Monday, October 08, 2012

One Idea at a Time

I wrote another stand-alone page recently called "27 Minutes". Added to "40 Paragraphs" and "16 Weeks", a nice set of a not-quite-arbitrary proportions to guide your scholarly writing is emerging. You can read these pages by following the links in the sidebar on the right.

I say "not-quite-arbitrary" because these guidelines are supposed to feel at least a little arbitrary. They constitute an order you can impose on your writing process no matter what you are writing about and no matter how the work is going intellectually. If you're struggling with your ideas, you will now be struggling with your ideas 27 minutes at a time, working on 1/40th of the problem, as part of a 16-week program (divided into two 8-week periods). This allows you to appreciate your finitude, and the finitude of your writing problem.

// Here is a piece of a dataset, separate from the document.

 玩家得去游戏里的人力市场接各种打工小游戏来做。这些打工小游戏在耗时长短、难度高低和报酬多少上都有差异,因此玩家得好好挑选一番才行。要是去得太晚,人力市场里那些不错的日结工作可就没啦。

We might also say that this approach allows you to work on your writing one idea at a time. By "idea" here I mean that which is expressed in a single true sentence supported by a paragraph. It is something you know. You can work on an idea as many times as you like, as long as you do it for 27 minutes and then stop. After a three-minute break, you move on to another idea, or you stop writing for the day.

On my approach, you can work on any given idea as many times as you like, not as long as you like. Don't spend an entire day, or (as some people do) several days, vaguely trying to think "something" through. Sit down every day for 27 minutes and write something down. In some exceptional circumstances, you might sit down every day for a week and work on the same idea, writing the same paragraph five times. But this should happen only near the completion of the paper, when you know that this paragraph is the one that needs the work.

That is, you can write a paragraph as a many times as you like, but not as often as you like. As a general rule, try to work on each of the forty paragraphs once before you work on any of them twice. (An exception here can be the introductory and concluding paragraphs, which you might return to once after having written, say, half the paper.) Then decide which ones to work on again. And then work through that list before you get hung up on any one idea/paragraph. This keeps your process "flowing", rather than getting stuck.

If you are left with a single paragraph to work over again and again, I recommend doing it only once a day. You'll find sleeping helps solve the problem. You may as well sleep between each attempt.